━━━ SUPPLIED MATERIAL
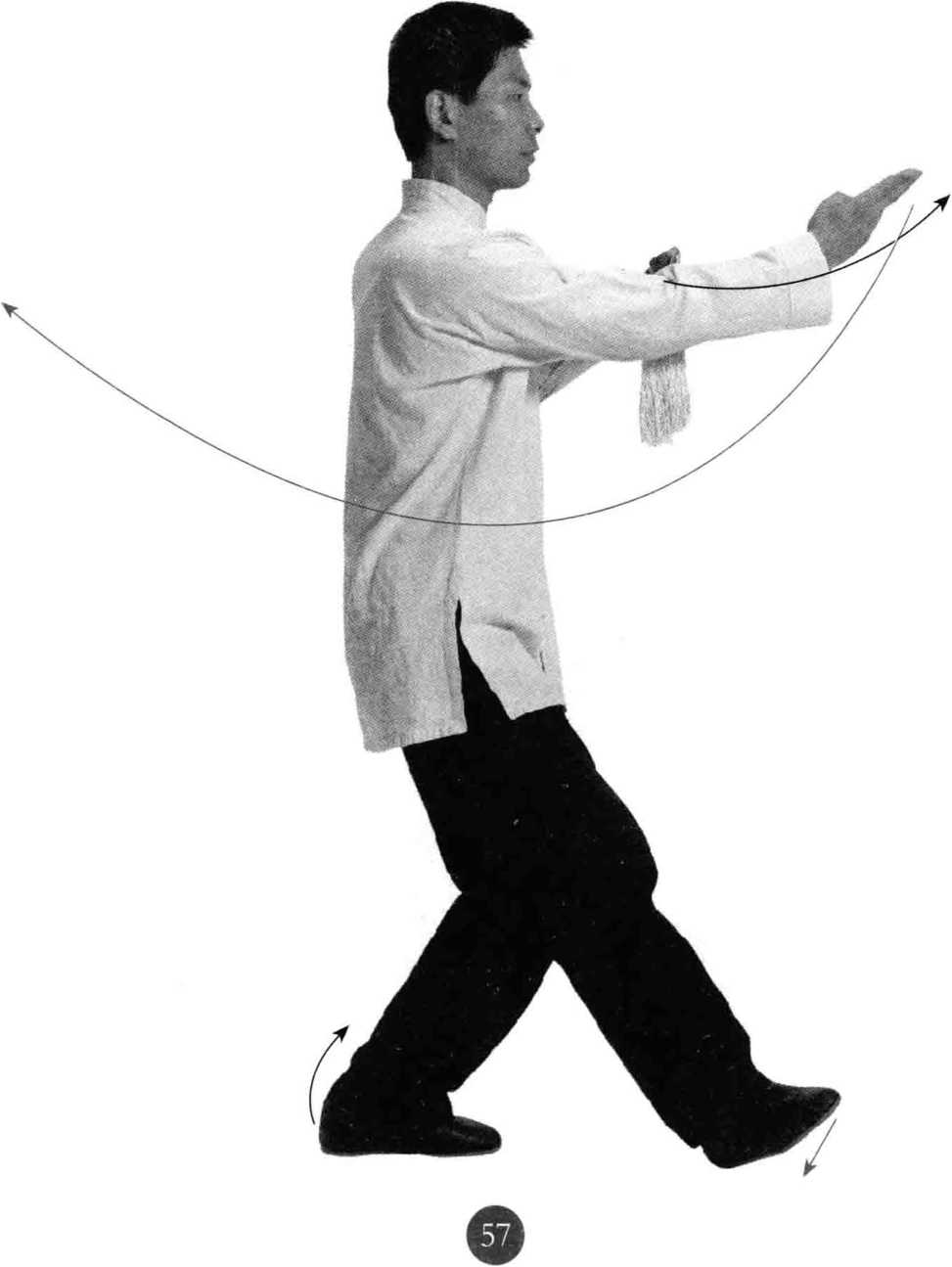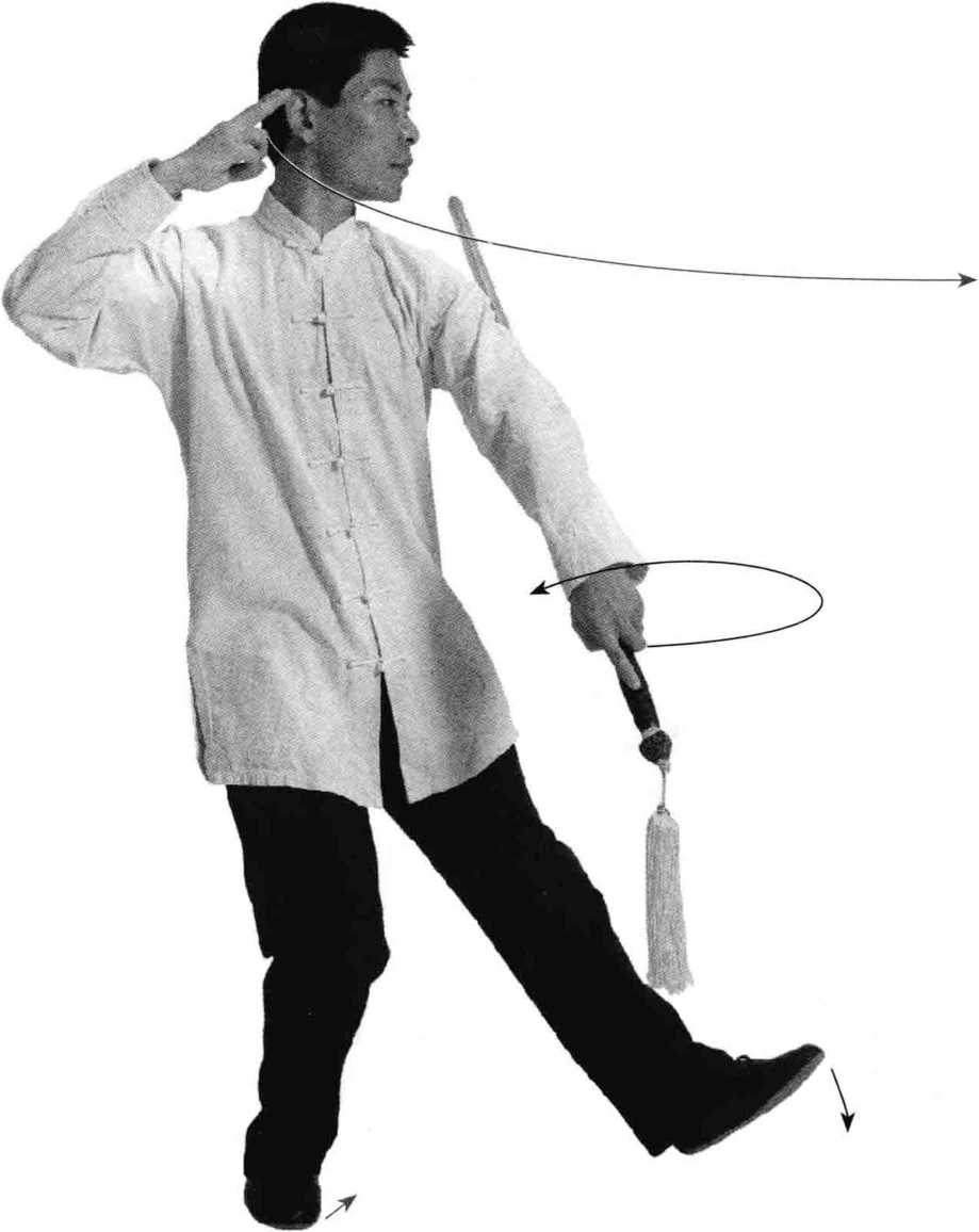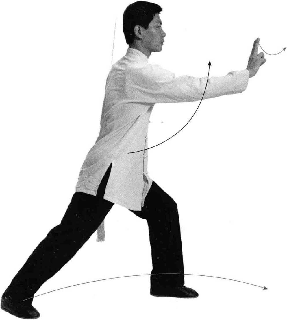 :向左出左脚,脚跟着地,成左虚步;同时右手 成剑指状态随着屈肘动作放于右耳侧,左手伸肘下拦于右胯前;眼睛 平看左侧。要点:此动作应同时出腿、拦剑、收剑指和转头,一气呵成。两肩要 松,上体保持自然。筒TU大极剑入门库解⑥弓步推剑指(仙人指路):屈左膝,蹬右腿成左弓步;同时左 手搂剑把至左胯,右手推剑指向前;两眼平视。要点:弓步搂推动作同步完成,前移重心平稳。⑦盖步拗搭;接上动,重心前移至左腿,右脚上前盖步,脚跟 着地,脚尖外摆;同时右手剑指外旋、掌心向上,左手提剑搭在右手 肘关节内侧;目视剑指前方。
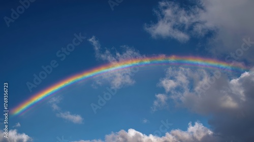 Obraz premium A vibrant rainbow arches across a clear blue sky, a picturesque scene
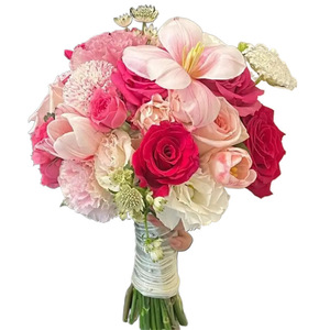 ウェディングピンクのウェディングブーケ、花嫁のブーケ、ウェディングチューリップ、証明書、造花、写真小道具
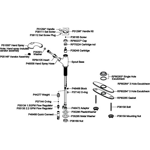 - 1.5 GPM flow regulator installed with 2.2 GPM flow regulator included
━━━━━━
━━━ SUPPLIED MATERIAL
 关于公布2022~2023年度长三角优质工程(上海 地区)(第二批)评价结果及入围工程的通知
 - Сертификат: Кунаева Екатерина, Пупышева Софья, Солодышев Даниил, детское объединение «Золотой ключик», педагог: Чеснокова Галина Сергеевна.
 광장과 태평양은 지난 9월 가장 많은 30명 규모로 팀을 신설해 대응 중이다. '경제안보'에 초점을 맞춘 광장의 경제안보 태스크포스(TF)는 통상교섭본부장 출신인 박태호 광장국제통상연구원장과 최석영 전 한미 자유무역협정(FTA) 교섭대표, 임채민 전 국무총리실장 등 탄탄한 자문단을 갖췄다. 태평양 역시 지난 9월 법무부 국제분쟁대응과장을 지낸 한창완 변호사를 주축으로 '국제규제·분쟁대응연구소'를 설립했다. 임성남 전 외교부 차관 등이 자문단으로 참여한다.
━━━━━━
» AIM OF THE TASK: For the entries above, print exactly the lines between the one with "Obraz premium A" and the one with "- 1.5 GPM flow", inclusive, with no pictures.

» WRITTEN SOLUTION:
 Obraz premium A vibrant rainbow arches across a clear blue sky, a picturesque scene
 ウェディングピンクのウェディングブーケ、花嫁のブーケ、ウェディングチューリップ、証明書、造花、写真小道具
 - 1.5 GPM flow regulator installed with 2.2 GPM flow regulator included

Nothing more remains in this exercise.